After the failed attempt in 3rd year highschool to set this group up, we wanted to try again in 6th year when we now have more say.
At a group meeting of a voluntary group i'm in we had a speaker from an LGBT group and she prompted discussion from other people there where they talked about their schools support systems for LGBT kids. Now this, for me and my friend, who are the only ones in the group from our school were totally shocked. Other schools acknowledge and have specific support for LGBT kids and we don't. It was depressing. We both left feeling pretty down and very angry.
Our school is a catholic school and the schools that had the support systems were not. That's the key difference. I remember the speaker mentioning something about catholic schools that they are somehow allowed to ignore lgbt matters? even though this violates a protected characteristic? but I'm struggling to find info on that.
At this point I knew I had to do something about it. I know
that there are several lgbt+ kids within my school, I know a huge amount of them too and though we are in our final year, people starting highschool need that support. The age you start highschool is probably when a good amount of kids start to think about dating etc, and our school is terrible enough with the fact our sex education only teaches us about how a zygote is formed, not about safe sex and consent or relationships. We've only ever been told the bad things other times. Sexually transmitted infections and how abstinence is better. But that's another issue.
So today we had our assembly for signups for prom committee and other things, and I thought this would be the perfect time to mention the GSA to our head of year. So i'm bricking it. Whole way throughout them talking about the other clubs I am shitting
myself because I hate having to talk to teachers and also I don't want this thrown back in my face. So it gets to the end and a couple friends stay back with me which I am so grateful for.
I approached the teacher who enthusiastically responded to my first sentence. 'can I talk to you about forming a club?' and then I launched into talking about the GSA and our lack of support and so on. It seemed to be accepted as a concept, but it was certainly danced around. I'll bulletpoint the general summary of what I got back.
- It's not inclusive to just have a specifically LGBT group as opposed to an overall support group for all.
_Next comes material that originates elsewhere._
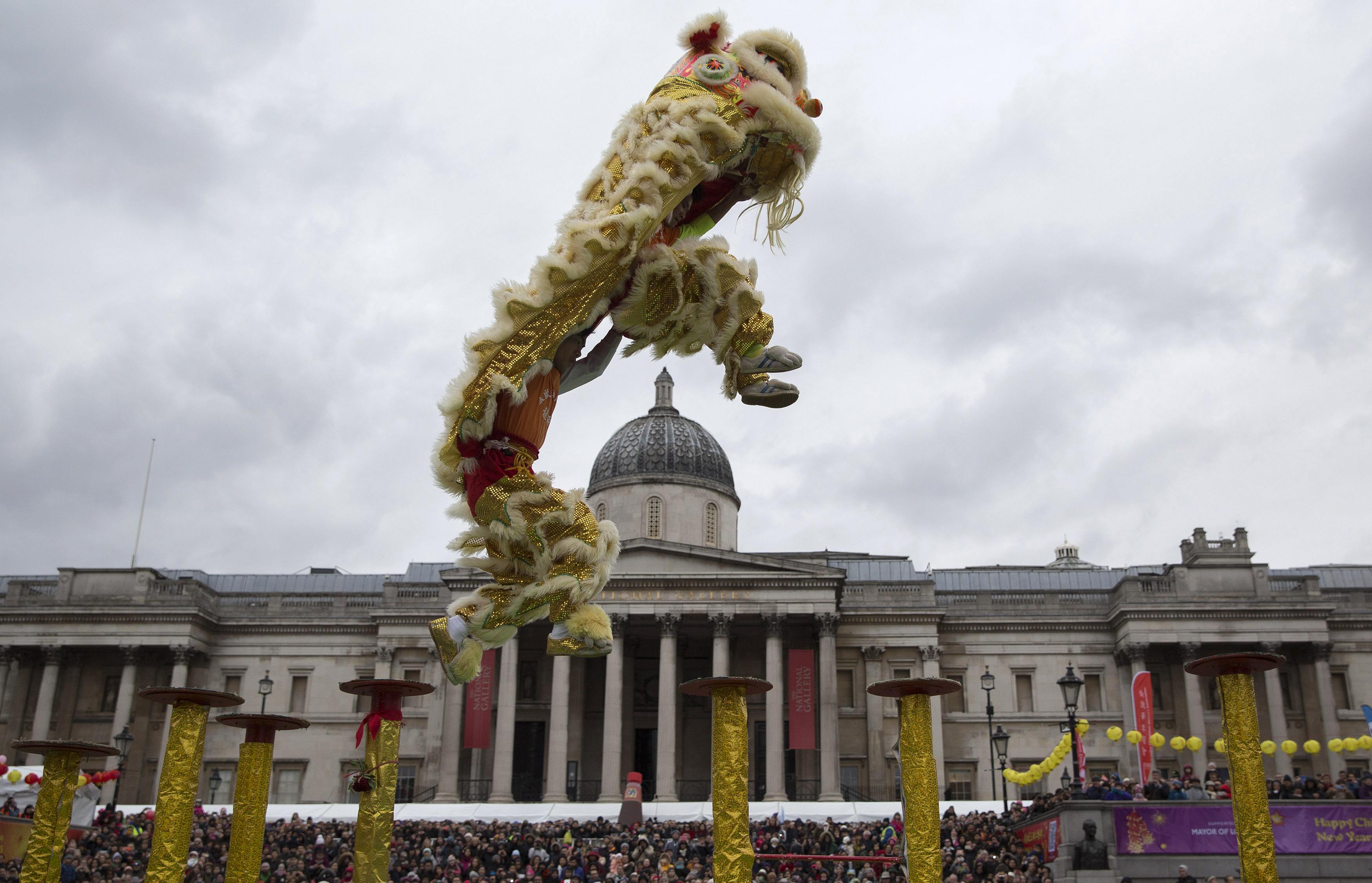 Performers dressed in traditional costume perform the 'flying lion dance' to celebrate the Chinese New Year at Trafalgar Square in London, February 22, 2015. REUTERS/Neil Hall (BRITAIN - Tags: ANNIVERSARY SOCIETY TPX IMAGES OF THE DAY) *** Local Caption *** Penari dengan kostum tradisional beraksi membawakan tarian singa terbang saat perayaan Tahun Baru Imlek di Lapangan Trafalgar, London, Inggris, Minggu (22/2). ANTARA FOTO/REUTERS/Neil Hall/ox/15.

This was the biggest takeaway from the discussion. It is so????? I want an LGBT group and now I'm not being inclusive?? wHAT??? If people, e.g, disabled like she cited want a support group they need to raise that concern also. I can't speak on behalf of their school experiences and they need to come forward and raise those issues with teachers or other students too.
- In response to saying I hear homophobic language in school -> that counts as bullying which is done through another group.
Yes, it does. However I'ts not my only point for wanting a group, I don't want a group because of bullying only. I want a group to educate allies, educate lgbt+, let them have a safe space to be open and meet other people, etc. It is most definitely not just a bullying issue I want to tackle.
- We can't allow these issues to go to students, they need to go to guidance teachers if they have problems.
I 100% understand that. I don't want to get into legal bother here. The thing is, kids don't feel comfortable going to guidance teachers. Whether it's because the school doesn't explicitly say that they will support children on these specific issues or otherwise, but I know from my perspective that if I had issues of any kind in school and I couldn't talk about it at home I wouldn't go to a teacher because I'd be too uncomfortable. The group I want isn't a 'come in and tell us intimate details and we will give you unqualified advice' I just want to educate and welcome people and if their are issues I hear about, I can then go to the teacher about it and set up a meeting because THAT'S the barrier thats scary to get past.
- We have a rights respecting schools committee, it comes under that, join that and bring it up there
Yes we do and, yes it is part of that! But that committee has existed a while and hasn't made any changes within the school. Maybe the group has impact on the higher ups such as the school board which is good, however, it doesn't impact students and the student community. If I join this group, and I probably will because I need in their good books, I feel like it'll be the usual 'lets discuss this within the group ooooooh look how enlightened we are, yes yes we are aware' and It won't extent outside of the committee.
there was more but I'm not really sure how to word that right now. So this went on, with them being supportive but just not getting it and dancing around the issue. My friend mentioned her experience of not finding support in school and we got a lil' emotional then and cried a bit which isn't fun to do infront of teachers. but it was so frustrating and also my friend said I was a support when she came out and that made me EmOTIONAL, at that point we kind of had to break up the convo or we'd be bawling.
If anyone has experience of this commenting would be appreciated, otherwise advice is still v welcome. I thought I'd post about this bc its important to me and Ik theres a lot of lgbt+ people on here too so it's quite relevant.
note: apologies for writing lgbt throughout this, I forgot to add the plus on a few so pls know that I am fully including other groups in the lgbt+ community I just needed to get this out bc its been swimming in my mind all day so I did miss out a few '+'s that I intended to put in.